- Information -
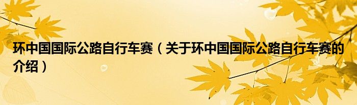 大家好,今天小乐来为大家解答以上的问题。环中国国际公路自行车赛,关于环中国国际公路自行车赛的介绍很多人还不知道,现在让我们一起来看看吧!
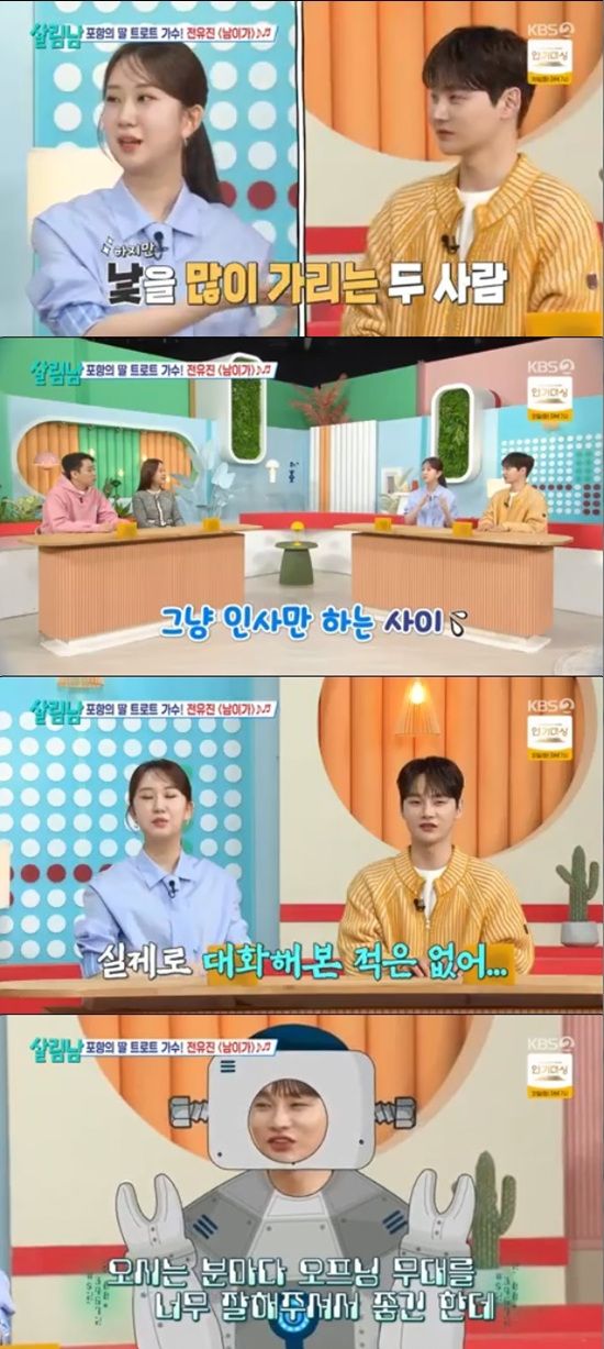 전유진은 "저도 낯을 가리는데 선배님도 낯을 많이 가리시는 것 같다. 인사만 하고 대화를 해 볼 기회가 없었다"고 했다.
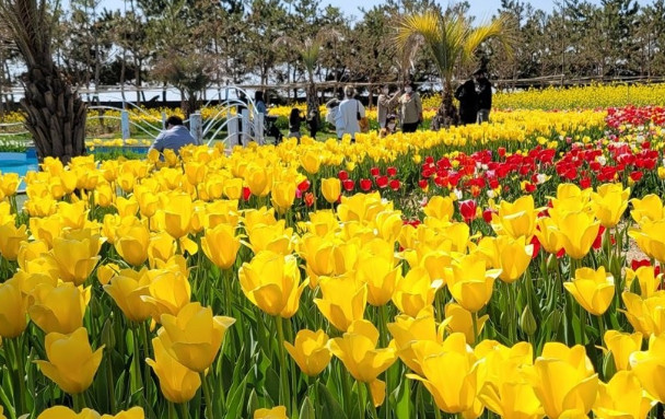 태안 꽃지해수욕장은 말이 필요 없는 국내 최고의 해안 중 한 곳으로 손꼽히는 곳입니다. 할미, 할아비바위로 떨어지는 낙조가 아름답기로 유명한 꽃지해수욕장에는 바로 뒤편에 꽃지해안공원이 위치해 있는데, 2002년 안면도 국제 꽃박람회의 성공을 기원하고 국민에게 새로운 휴식처를 제공하기 위하여 조성된 테마파크입니다. 이곳에는 화려한 꽃들이 많으며 4월에는 튤립축제, 빛축제 등 다양한 행사가 열립니다. 따라서 따스한 봄에 꽃들의 대향연이 펼쳐지는 아름다움이 장관을 감상하러 방문하시길 적극 추천드리는 장소입니다.
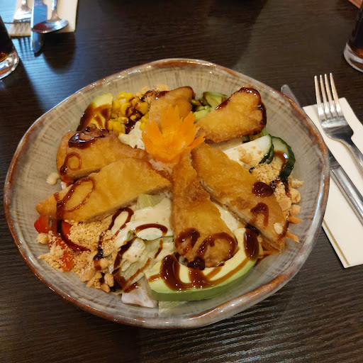 Read moreMein Sohn bestellte sich japanische Nudeln mit Hühnchen. Die waren völlig in Ordnung. Ich bestellte die gleichen Nudeln allerdings vegetarisch. Meine Tochter bestellte sich BratNudeln mit Gemüse. Als das Essen kam, bemerkten wir sofort, dass die Bratnudeln meiner Tochter lediglich aus Nudeln mit Röstzwiebeln bestanden. Es war keinerlei Gemüse enthalten. Auf Nachfrage wurden wir aufgeklärt, dass das in diesem Restaurant so sei. Nach wenigen Bissen bemerkte ich in meinen vegetarischen Nudeln kleine Stücke Hähnchen Fleisch. Offensichtlich waren die Nudeln meines Sohnes und meine gleichzeitig im Wok gekocht worden. 2 Minuten später fand meine Tochter in ihren Nudeln ein Stück Plastikfolie. Das war uns dann alles zu viel und wir haben das Restaurant verlassen. Seitens des Personals kein Wort der Entschuldigung. Mitten in der Nacht weckte meine Tochter mich, weil sie fürchterliche Magenkrämpfe hatte, die Sie noch niemals zuvor hatte. Ich habe nunmehr erfahren, dass vor wenigen Monaten der Besitzer gewechselt hat. Vorher war das Restaurant stets zu empfehlen. Aber dieser Besuch war absolut gruselig. Ein Fall für das...
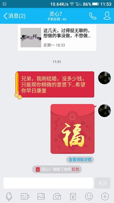 他来自昆仑天池绮楼听风雨帮派,他叫雪忆寒×灵心,帮里的人都喊他骚心,他是一个乐观积极向上的逗比,他在帮派里很受大家欢迎,是大家的开心果。 但不幸的是,2016年2月18日,他被检查出肝部恶性肿瘤,也就是肝癌,因为是晚期,医生说他的生命可能只剩数月。 好在灵心有这么一群好兄弟,和他在游戏中认识了十几年的冰殇,联系到记者,希望能在叶子猪报道此事,为灵心送上祝福。 先来看看灵心的自述: 在记者采访他的各位好兄弟的时候,灵心在群里说话了,此事的他还躺在医院的病榻上,但是从他的语气中能看得出来他并没有被病魔打败,还是积极乐观的面对病魔,面对人生!碍于需要静养,再加上灵心比较害羞,冰没有接受记者的采访,而是自己做了这个事件过程的自述。 自述:我去年年底定期身体检查,做B超的时候,医生叫我去做一下血液检查,而且,叫一定要做一个叫甲胎蛋白的检查。然后,我就去检查了,结果出来,甲胎蛋白>80000!!! 主任医师就怀疑是癌,但不确定(甲胎蛋白>500,就已经和癌打钩了,怀孕的不算!我一个男人,和怀孕有关系,但也不是我怀),就叫我做一个增强CT,确认一下。刚好那时候过年,就没做。 过了年后,正月十六,我到红会医院做了增强CT,就确定是肿瘤了,马上住院,做手术方案。住院期间,我叫冰殇帮我把号清了,做治疗金,就被他知道了,他就发动了好友们来帮我,然后,一群人加了我,给我发红包,关心我,爱护我,开解我,和我聊天打屁,吹牛皮,让我开心,让我放下心中的念想。 灵心的好兄弟冰殇的采访: 叶子猪记者:你好,冰殇,听到灵心这样的消息我也感到很惋惜。 冰殇:你好,小雨,是啊,跟灵心十来年的兄弟了,突然接到这消息,真的很难过#15。 叶子猪记者:都十来年了啊?!大话到现在也才十三年,能在一起玩这么久也真是不容易啊! 冰殇:是啊,一款游戏,一生朋友,这句话,得到的最好的阐述吧! 叶子猪记者:你还记得当初和灵心是怎么认识的吗? 冰殇:十来年了,依稀记得当时我们在一个无名小帮,他是敏魔,一起组队打帮战,然后偶然知道跟他说老乡,果断把他忽悠过来一起玩耍,这一玩,就十来年。 叶子猪记者:原来是老乡啊,那你们从那时候就在现实中认识了吗? 冰殇:没有,是后来知道他也在东莞上班,我也是,离得太近的,就现实认识了。 叶子猪记者:那这是过了多久之后呢? 冰殇:一年左右,当时他打电话给我,然后我们见面认识,再后来我们久不久都会见面,过年回家等等都会一起玩耍,是最要好的兄弟,哥们。人家都说,人的一生,能够遇到一个肝胆相照的兄弟,真的很不容易,我们都很庆幸能够认识,也是因为有大话西游这款游戏,才有我们现在的友情。只可惜,现在我的兄弟躺在医院里…… 叶子猪记者:你们朋友的感情能从线上转到线下真的很难得,很幸运。当时是灵心告诉你他患癌症的吗? 冰殇:是的,他当时知道后,整个人都蒙了,这些事情,不敢跟家里人说,怕父母受不了,想来想去,就先跟我说了。刚听到这消息的时候,真的很不敢相信。 叶子猪记者:所以你其实是第一个知道这个消息的? 冰殇:是的 叶子猪记者:当时得知这个消息后你是有什么想法?或者说你处于什么样的状态? 冰殇:刚听到,我以为他在跟我开玩笑,因为他这个人特别能玩,特别能开玩笑,要不也不会被好多人叫他骚心了。知道后来,听他语气不像是开玩笑。。。自己也蒙了。。。然后立马想到的是必须治疗!治疗这种病不用想也知道花费肯定是一笔天文数字,最近一直为这事苦恼,最后想到了请叶子猪平台报道下,让更多的人知道,或许能有帮助。 叶子猪记者:好的,叶子猪能为灵心的事情出上一份力也是很乐意的。那灵心的诊断结果已经出来了吗? 冰殇:确诊了,肝癌。。。。 叶子猪记者:那当时医生怎么说呢? 冰殇:肝上长了一个11×8cm的肿块,说是原发型肝癌。 叶子猪记者:医生有没有说灵心还能活多久? 冰殇:只说几个月了#15不超过一年#15 叶子猪记者:只有几个月?那这应该是晚期了吧! 冰殇:是的……确诊是晚期了#15 叶子猪记者:那灵心目前处于什么状况呢? 冰殇:医生说他现在不适宜做手术,推荐做介入、化疗,再配合靶向药物多吉美治疗。 叶子猪记者:灵心治疗大概需要多少费用? 冰殇:预计需要40多万,保守估计。 叶子猪记者:这确实不是一个小数目,灵心目前能负担得起这样的费用吗? 冰殇:肯定负担不起,他只是一个普通的打工一族,如何能负担得起这么重的数字#136他父母就是一个普通农民,而且一直在家务农,哥哥是一个做电梯装修的普通装修工,自己还没结婚,40万对于这样的家庭来说,简直就是一笔天文数字啊! 大话是一个情义游戏,40万对于灵心来说是天文数字,但是如果每人能出一点力气,这对于灵心来说,无疑是雪中送炭!所以我们希望能遇到好心人,为这个苦命的家庭,苦命的兄弟伸出援助之手,众志成城,让灵心早日康复! 叶子猪记者:你还有什么想对大家说的吗? 冰殇:好人一生平安!对于帮助、关心灵心的所有朋友,我们铭感于心! 叶子猪记者:好的,小编也祝愿灵心能早日康复! 冰殇:谢谢!相信灵心很快就能康复的! 灵心其他的兄弟采访: 叶子猪记者:你好,怎么称呼你呢? 君子:我叫君子。 叶子猪记者:你好,君子,你和灵心也是游戏中的好友吗? 君子:是的。 叶子猪记者:你和灵心认识多久了? 君子:好多年了,具体多少年,我也记不住。 叶子猪记者:你还记得是怎么认识的吗? 君子:记得啊,我在帮里当管事

- Your instructions -
Would you please output only the lines from the start of the material above up to and including the line with "태안 꽃지해수욕장은 말이", exactly as they appear and without pictures?

- Solution to this exercise -
 大家好,今天小乐来为大家解答以上的问题。环中国国际公路自行车赛,关于环中国国际公路自行车赛的介绍很多人还不知道,现在让我们一起来看看吧!
 전유진은 "저도 낯을 가리는데 선배님도 낯을 많이 가리시는 것 같다. 인사만 하고 대화를 해 볼 기회가 없었다"고 했다.
 태안 꽃지해수욕장은 말이 필요 없는 국내 최고의 해안 중 한 곳으로 손꼽히는 곳입니다. 할미, 할아비바위로 떨어지는 낙조가 아름답기로 유명한 꽃지해수욕장에는 바로 뒤편에 꽃지해안공원이 위치해 있는데, 2002년 안면도 국제 꽃박람회의 성공을 기원하고 국민에게 새로운 휴식처를 제공하기 위하여 조성된 테마파크입니다. 이곳에는 화려한 꽃들이 많으며 4월에는 튤립축제, 빛축제 등 다양한 행사가 열립니다. 따라서 따스한 봄에 꽃들의 대향연이 펼쳐지는 아름다움이 장관을 감상하러 방문하시길 적극 추천드리는 장소입니다.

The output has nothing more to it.